Open jdsgomes opened 1 year ago

jdsgomes commented 1 year ago

Follow up on the following observation by @vedantroy :

This segfaults on certain videos. Here's a partial-reproduction script (the videos are stored in a pandas dataframe):

import pandas as pd

# df2 = pd.read_pickle("df2.pkl")
df = pd.read_pickle("df.pkl")
# print the # of rows in the df
print(len(df))
# print the keys in the df
print(df.keys())
# print the first row in the df
print(df.iloc[0])

# print the type of the 1st value in the 1st row
first_vid = df.iloc[0][0]
print(f"Length: {len(first_vid)}")
print(f"Type: {type(first_vid)}")

# write first_vid to a file
with open("test.mp4", "wb") as f:
    f.write(first_vid)

import itertools
import copy

import torch
from torchvision.io import VideoReader
import torchvision

def clip_from_start(buf: bytes, expected_frames: int):
    # import av
    # import io
    # buffer = io.BytesIO(buf)
    # container = av.open(buffer)
    # i = 0 
    # for frame in container.decode(video=0):
    #     print(type(frame))
    #     i += 1
    #     print(i)
    #     pass

    tensor = torch.frombuffer(buf, dtype=torch.uint8)
    tensor = copy.deepcopy(tensor)
    # torchvision.io.read_video()
    rdr = VideoReader(tensor)
    sampled_frames = list(itertools.islice(iter(rdr), expected_frames))
    if len(sampled_frames) != expected_frames:
        return None
    data = []
    for frame in sampled_frames:
        data.append(frame["data"])
    return torch.stack(data, dim=0)

clip = clip_from_start(first_vid, 2)
print(clip.shape)

I'm working to get approval of the public copy of the data.

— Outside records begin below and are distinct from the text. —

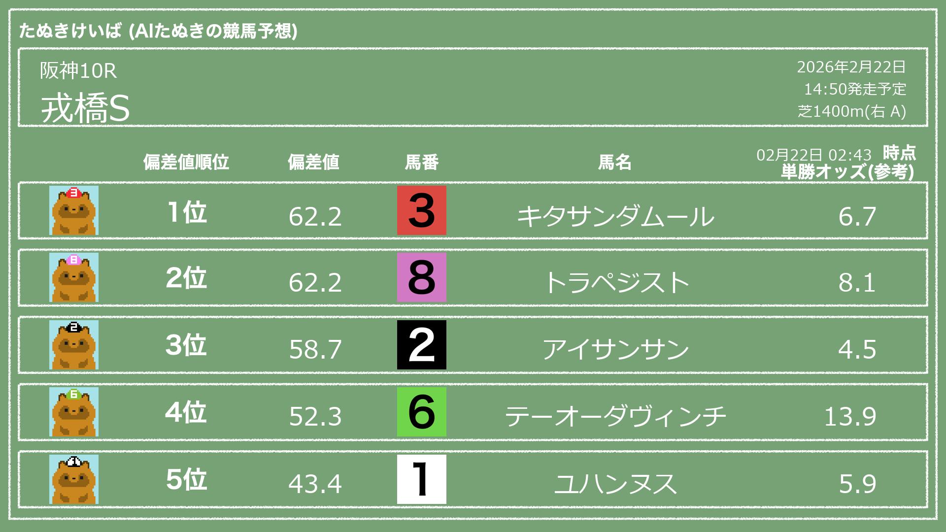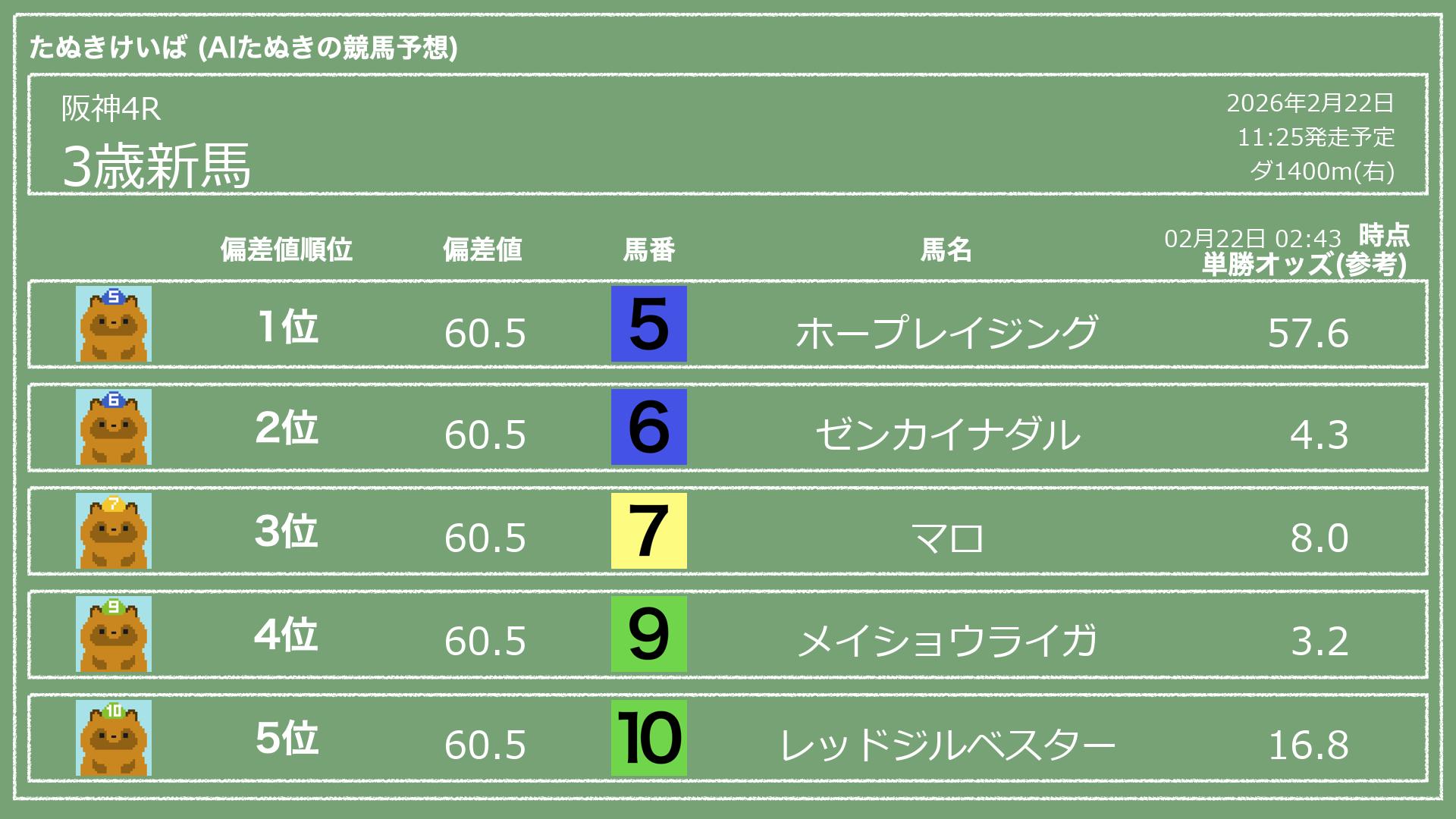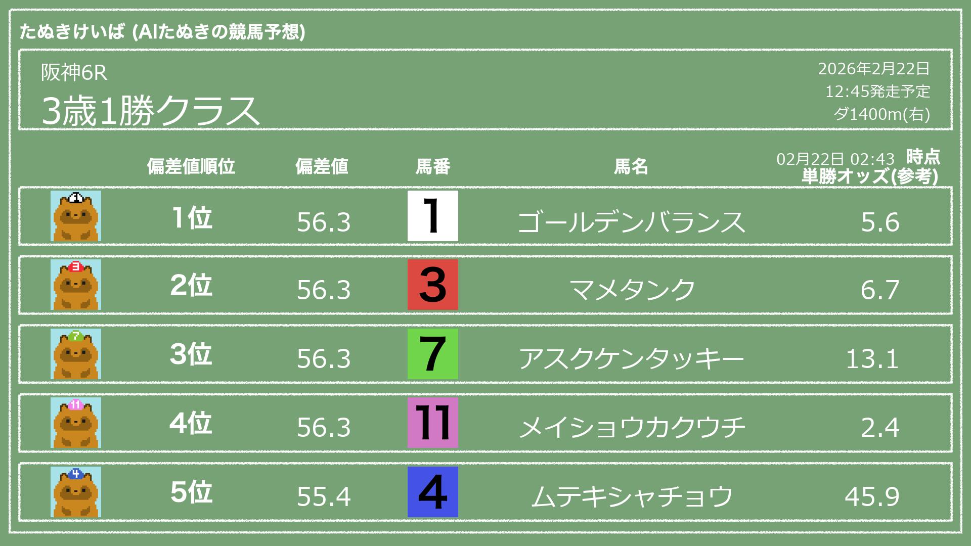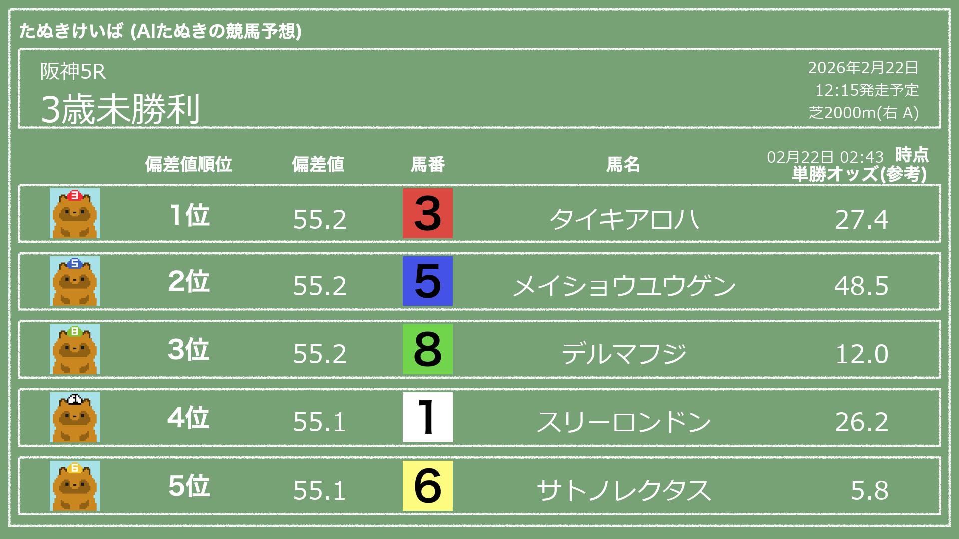 「たぬきけいば」による無料競馬予想です🥳
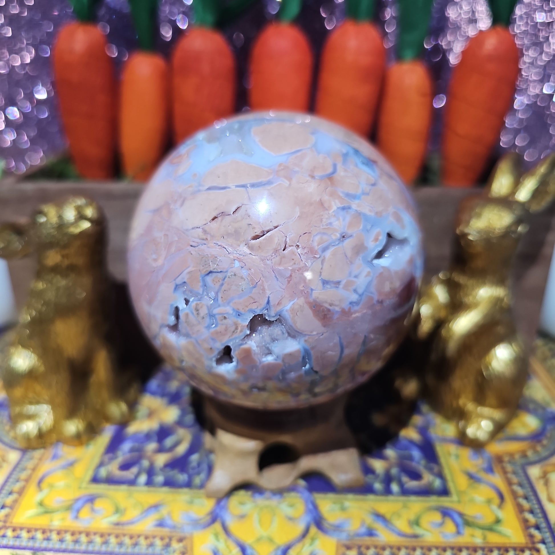 Introducing our exquisite Agate Sphere, a marvel of nature's artistry and a testament to the beauty found within the Earth's depths. Handcrafted with precision and care, this spherical gemstone showcases the captivating allure of agate in all its glory.
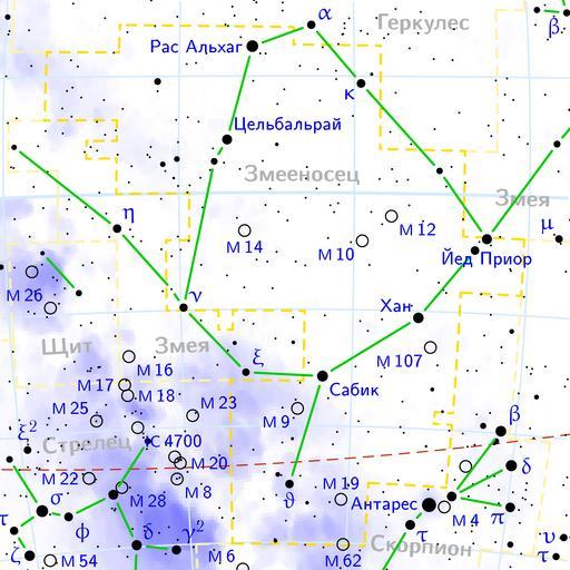 | Keywords: Ophiuchus constellation map ru lite.png en Ophiuchus constellation map on Russian ru Ка та созвездия Змееносца на усском языке It was created using the program PP3 At http //pp3 sourceforge net PP3's homepage you also get the input scripts necessary for re-compiling the map The yellow dashed lines are constellation boundaries the red dashed line is the ecliptic and the shades of blue show Milky Way areas of different brightness The map contains all Messier objects except for colliding ones The underlying database contains all stars brighter than 6 5 All coordinates refer to equinox 2000 0 The map is calculated with the equidistant azimuthal projection the zenith being in the center of the image The north pole is to the top The horizontal lines of equal declination are drawn for 0° +10° +20° etc The lines of equal rectascension are drawn for all 24 hours Towards the rim there is a very slight magnification and distortion Own 2006-10-17 Denis Ibaev Constellations maps russian Ophiuchus |

In the meantime, the error is:

test.py:41: UserWarning: The given buffer is not writable, and PyTorch does not support non-writable tensors. This means you can write to the underlying (supposedly non-writable) buffer using the tensor. You may want to copy the buffer to protect its data or make it writable before converting it to a tensor. This type of warning will be suppressed for the rest of this program. (Triggered internally at ../torch/csrc/utils/tensor_new.cpp:1563.)
  tensor = torch.frombuffer(buf, dtype=torch.uint8)
malloc(): corrupted top size
Aborted (core dumped)

Originally posted by @vedantroy in https://github.com/pytorch/vision/issues/6771#issuecomment-1283644752

vedantroy commented 1 year ago

I'll try to get a public copy of the data soon, as I know this script is pretty useless without it. The video file is valid (I think), since the VsCode MP4 previewer can play the MP4 file and ffprobe works on it.

I suspect that it's some FFMPEG-torchvision edgecase. Specifically, the video file is a short clip from a longer video, and I did the clipping using FFMPEG.